Huge bolts jammed into the rear tyre and a few loose screws under the lid. Welcome to the gravity-defying motorcycle sport of hillclimb
Surely bloody not. Two 300cc two-stroke engines mounted in the same chassis, it looked like computer editing. The swingarm was too long. Hang on, there’s a pair of 700cc Zabel engines – usually only found in sidecarcross outfits – over there in a Frankenstein-looking bike. What the hell did they put in my coffee?
I’d found myself at a round of the French Hill Climbing Championship and as a pure novice to the rules, the bikes or the people who race it, I had ears and eyes wide open.
And, as it turns out, wide open is mandatory; “Competitors are allowed bolts, in free quantity, fixed inside the tyre.
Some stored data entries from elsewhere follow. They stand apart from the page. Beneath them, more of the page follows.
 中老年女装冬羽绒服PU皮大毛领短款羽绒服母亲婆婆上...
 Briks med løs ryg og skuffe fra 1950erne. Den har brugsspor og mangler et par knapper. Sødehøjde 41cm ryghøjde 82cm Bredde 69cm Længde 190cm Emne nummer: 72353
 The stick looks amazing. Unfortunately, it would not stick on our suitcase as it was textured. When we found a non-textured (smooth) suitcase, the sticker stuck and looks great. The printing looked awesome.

Or paddles linked together by a rod, a cable or a chain,” came the answer when I asked an official about the rules.
Aboard a loud and cranky four-cylinder engine, Franck spins his wheel for a few meters before losing the rear and falling flat on his head. He dusts himself before kicking his bike, which seems to make him feel better.
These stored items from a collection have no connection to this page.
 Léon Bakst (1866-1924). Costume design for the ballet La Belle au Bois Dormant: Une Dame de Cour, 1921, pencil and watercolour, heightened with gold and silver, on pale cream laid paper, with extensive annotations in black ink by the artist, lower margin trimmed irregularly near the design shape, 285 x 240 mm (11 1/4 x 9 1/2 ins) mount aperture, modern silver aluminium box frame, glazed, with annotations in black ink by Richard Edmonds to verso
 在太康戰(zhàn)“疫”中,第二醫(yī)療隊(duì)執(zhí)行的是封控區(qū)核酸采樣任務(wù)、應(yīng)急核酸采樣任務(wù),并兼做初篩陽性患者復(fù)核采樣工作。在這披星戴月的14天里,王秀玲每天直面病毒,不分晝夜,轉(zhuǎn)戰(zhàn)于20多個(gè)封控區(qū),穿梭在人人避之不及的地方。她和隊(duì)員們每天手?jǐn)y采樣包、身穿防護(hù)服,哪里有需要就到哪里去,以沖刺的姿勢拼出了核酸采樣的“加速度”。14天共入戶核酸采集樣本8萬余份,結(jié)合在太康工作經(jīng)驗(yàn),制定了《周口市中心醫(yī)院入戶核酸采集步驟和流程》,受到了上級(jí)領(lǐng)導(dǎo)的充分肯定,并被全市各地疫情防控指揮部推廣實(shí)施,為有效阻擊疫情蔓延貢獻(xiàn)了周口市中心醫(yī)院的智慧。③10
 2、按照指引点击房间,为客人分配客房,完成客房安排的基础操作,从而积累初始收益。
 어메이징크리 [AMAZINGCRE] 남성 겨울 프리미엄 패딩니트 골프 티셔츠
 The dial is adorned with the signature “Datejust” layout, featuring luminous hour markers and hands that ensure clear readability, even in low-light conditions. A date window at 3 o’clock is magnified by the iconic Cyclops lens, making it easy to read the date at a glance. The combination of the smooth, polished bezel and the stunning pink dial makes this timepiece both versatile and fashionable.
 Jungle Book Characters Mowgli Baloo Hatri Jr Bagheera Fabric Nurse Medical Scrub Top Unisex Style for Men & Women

Though it’s hardly surprising. A high-powered superbike engine trying to get power down to a chopped up dirt ramp via a nine-foot long conglomerate of scrap metal. At the end of the dirt ramp, there is a vertical wall of rock to get over. But before this point, most riders have already bounced like a spring, flicked sideways, this way or that, whichever way the bike dictates, and eaten dirt. It’s like planned whiskey throttle, open the taps, hang on and see what happens.